◆ Dataset section ◆

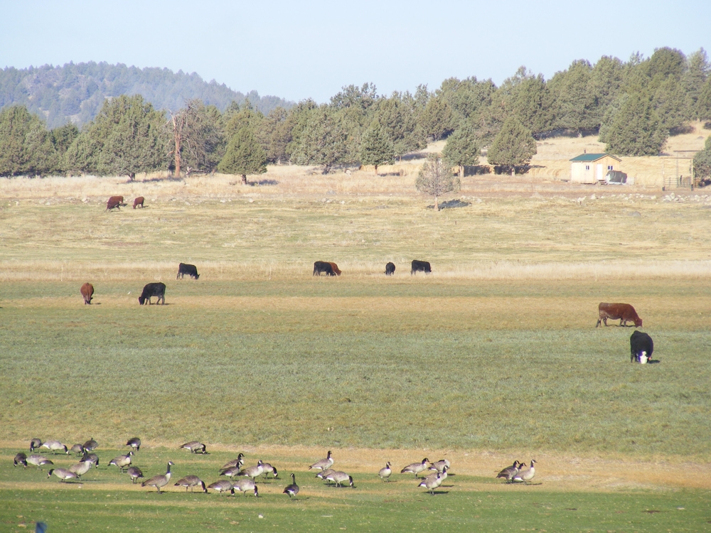 Geese and cows grazing
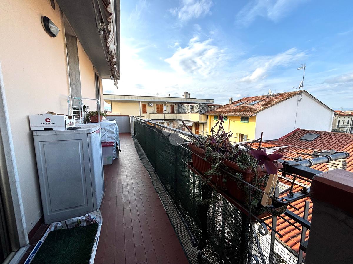L'appartamento si apre sul soggiorno ampio e luminoso grazie alla porta finestra che si affaccia sul primo terrazzo, sulla destra invece troviamo la sala da pranzo con il cucinotto dalla quale si accede al secondo terrazzo utilizzato come zona lavanderia, la zona notte è comprensiva delle tre camere da letto, due matrimoniali e una doppia. Infine completa la zona notte il bagno ampio finestrato.
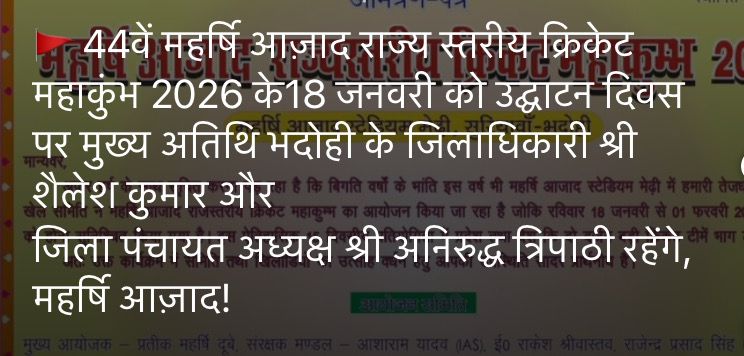 भदोही: करीब 44 बरसों से निरंतर क्रिकेट टूर्नामेंट का आयोजन करने वाला महर्षि आजाद स्टेडियम एक बार फिर बड़े टूर्नामेंट का गवाह बनने जा रहा है। यह टूर्नामेंट 18 जनवरी से शुरू होकर पहली फरवरी तक चलेगा। कुल 15 दिनों तक चलने वाले इस टूर्नामेंट में देश से करीब दो दर्जन टीमें प्रतिभाग करेंगी। प्रतीक महर्षि दूबे की अगुआई में होने जा रहे इस टूर्नामेंट में फिर बड़ी प्रतिभाएं निकलकर सामने आएंगी। बताते चलें कि इस टूर्नामेंट ने टीम इंडिया को दो बड़े खिलाड़ी दिए हैं। यशस्वी जायसवाल और शिवम दूबे इसी महर्षि आजाद राज्य स्तरीय क्रिकेट महाकुम्भ से निकले हैं और आज पूरी दुनिया में अपने कौशल का डंका बजा रहे हैं।

◆ Problem statement ◆
Each line from the one containing "L'appartamento si apre" through the last line above should be retyped exactly, and no other line. Any picture is to be left out.

◆ Written solution ◆
L'appartamento si apre sul soggiorno ampio e luminoso grazie alla porta finestra che si affaccia sul primo terrazzo, sulla destra invece troviamo la sala da pranzo con il cucinotto dalla quale si accede al secondo terrazzo utilizzato come zona lavanderia, la zona notte è comprensiva delle tre camere da letto, due matrimoniali e una doppia. Infine completa la zona notte il bagno ampio finestrato.
 भदोही: करीब 44 बरसों से निरंतर क्रिकेट टूर्नामेंट का आयोजन करने वाला महर्षि आजाद स्टेडियम एक बार फिर बड़े टूर्नामेंट का गवाह बनने जा रहा है। यह टूर्नामेंट 18 जनवरी से शुरू होकर पहली फरवरी तक चलेगा। कुल 15 दिनों तक चलने वाले इस टूर्नामेंट में देश से करीब दो दर्जन टीमें प्रतिभाग करेंगी। प्रतीक महर्षि दूबे की अगुआई में होने जा रहे इस टूर्नामेंट में फिर बड़ी प्रतिभाएं निकलकर सामने आएंगी। बताते चलें कि इस टूर्नामेंट ने टीम इंडिया को दो बड़े खिलाड़ी दिए हैं। यशस्वी जायसवाल और शिवम दूबे इसी महर्षि आजाद राज्य स्तरीय क्रिकेट महाकुम्भ से निकले हैं और आज पूरी दुनिया में अपने कौशल का डंका बजा रहे हैं।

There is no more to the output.